** TASK TO CARRY OUT **
The whole listing, please: repeat it exactly, with the pictures left out.

** SOURCE DATA **

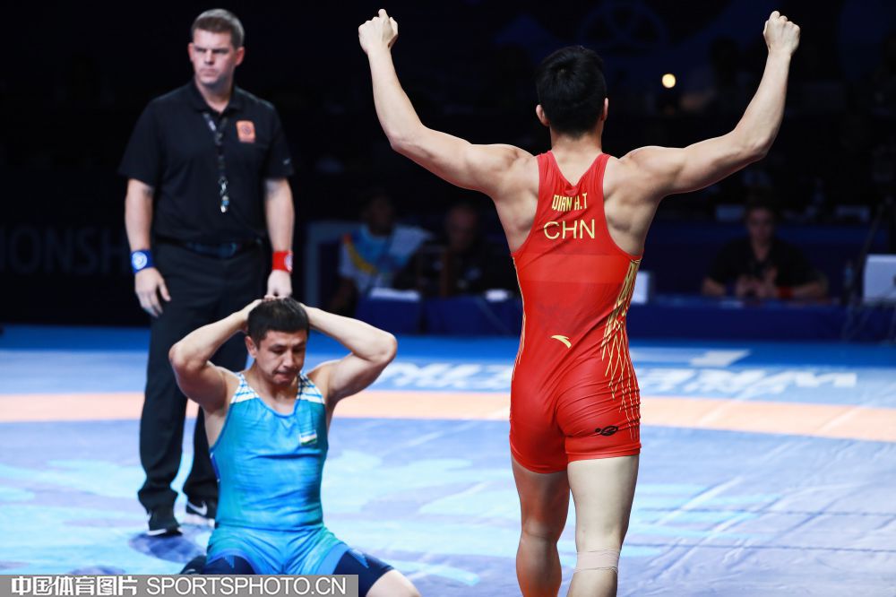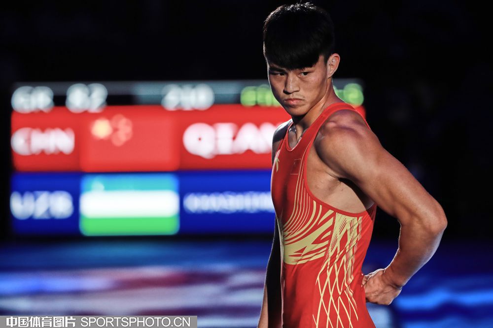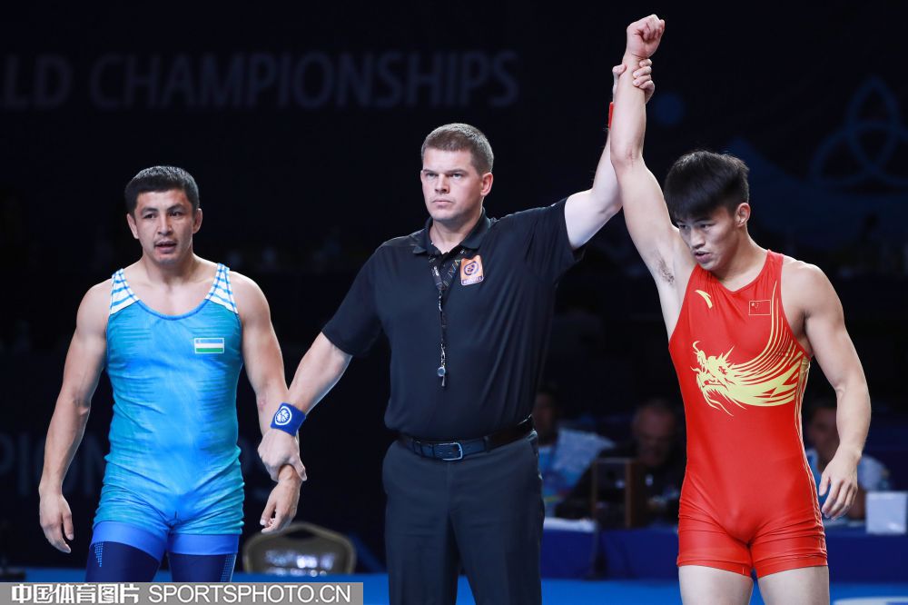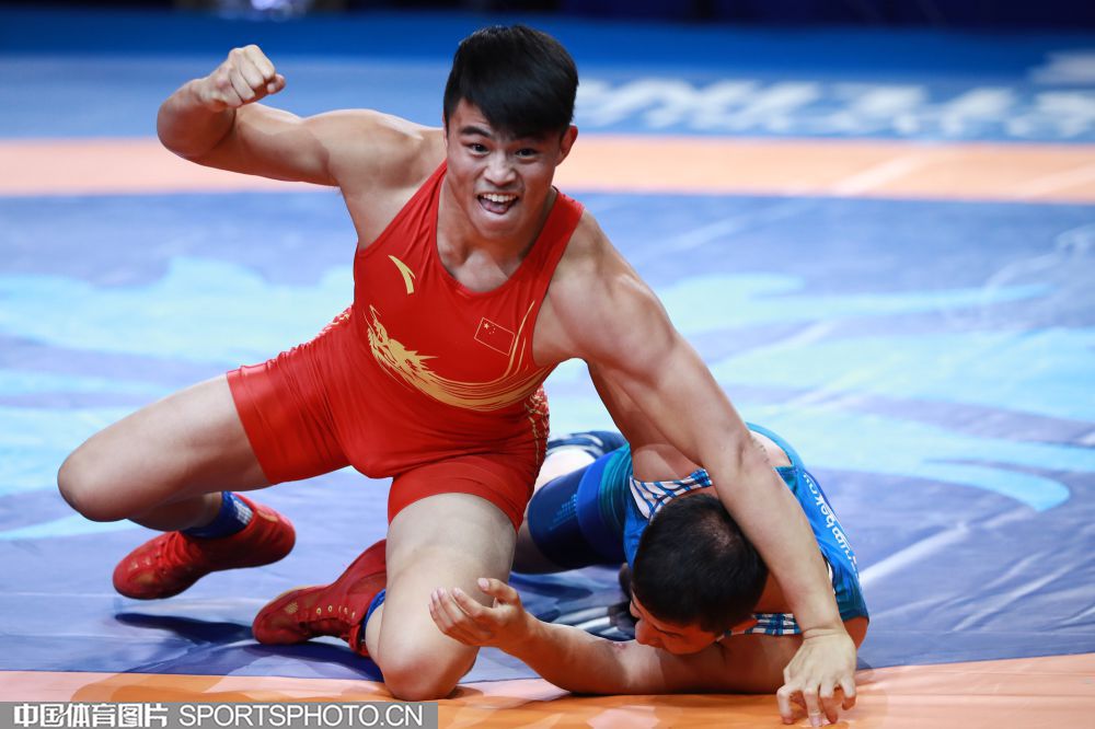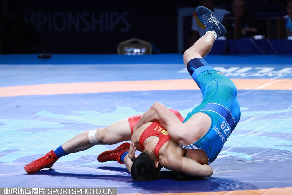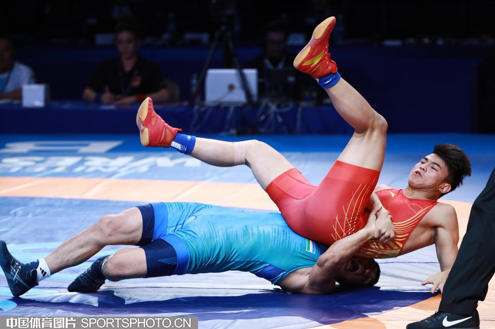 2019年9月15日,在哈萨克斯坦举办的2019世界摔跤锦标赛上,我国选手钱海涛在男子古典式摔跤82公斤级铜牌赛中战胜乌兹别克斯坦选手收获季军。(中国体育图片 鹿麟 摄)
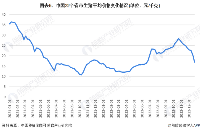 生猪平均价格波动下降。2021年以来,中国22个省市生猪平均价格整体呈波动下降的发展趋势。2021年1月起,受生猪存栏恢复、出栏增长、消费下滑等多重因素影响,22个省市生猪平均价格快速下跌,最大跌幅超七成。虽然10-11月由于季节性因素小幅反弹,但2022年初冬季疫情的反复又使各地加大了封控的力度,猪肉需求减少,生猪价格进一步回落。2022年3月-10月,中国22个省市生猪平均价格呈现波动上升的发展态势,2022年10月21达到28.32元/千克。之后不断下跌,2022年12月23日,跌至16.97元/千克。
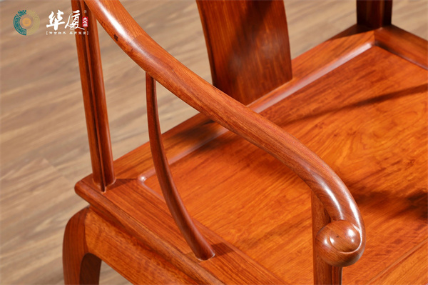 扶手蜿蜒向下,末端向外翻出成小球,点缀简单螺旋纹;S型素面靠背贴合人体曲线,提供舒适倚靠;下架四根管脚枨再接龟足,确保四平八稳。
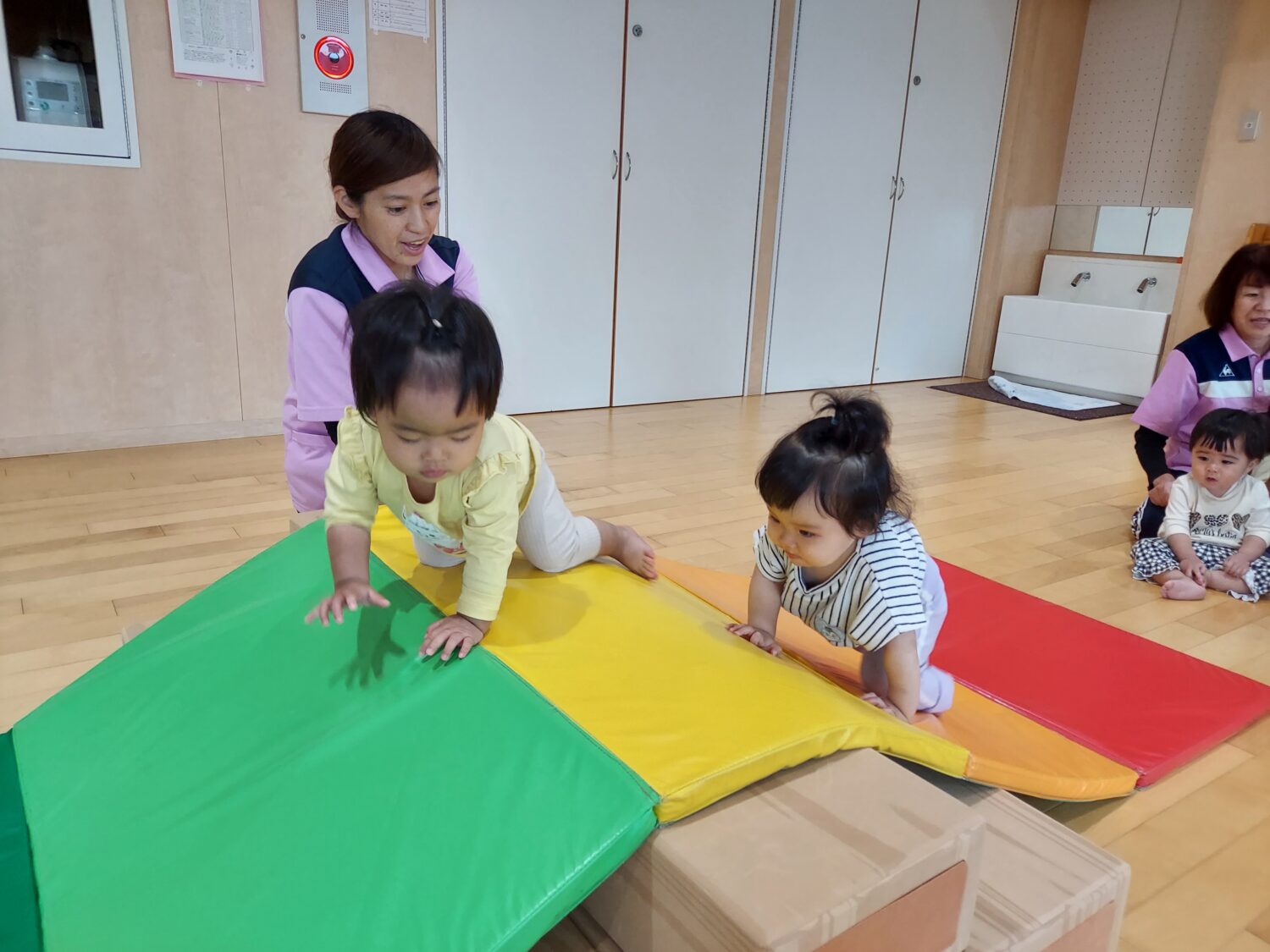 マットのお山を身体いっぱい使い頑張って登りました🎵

** WRITTEN REPLY **
 2019年9月15日,在哈萨克斯坦举办的2019世界摔跤锦标赛上,我国选手钱海涛在男子古典式摔跤82公斤级铜牌赛中战胜乌兹别克斯坦选手收获季军。(中国体育图片 鹿麟 摄)
 生猪平均价格波动下降。2021年以来,中国22个省市生猪平均价格整体呈波动下降的发展趋势。2021年1月起,受生猪存栏恢复、出栏增长、消费下滑等多重因素影响,22个省市生猪平均价格快速下跌,最大跌幅超七成。虽然10-11月由于季节性因素小幅反弹,但2022年初冬季疫情的反复又使各地加大了封控的力度,猪肉需求减少,生猪价格进一步回落。2022年3月-10月,中国22个省市生猪平均价格呈现波动上升的发展态势,2022年10月21达到28.32元/千克。之后不断下跌,2022年12月23日,跌至16.97元/千克。
 扶手蜿蜒向下,末端向外翻出成小球,点缀简单螺旋纹;S型素面靠背贴合人体曲线,提供舒适倚靠;下架四根管脚枨再接龟足,确保四平八稳。
 マットのお山を身体いっぱい使い頑張って登りました🎵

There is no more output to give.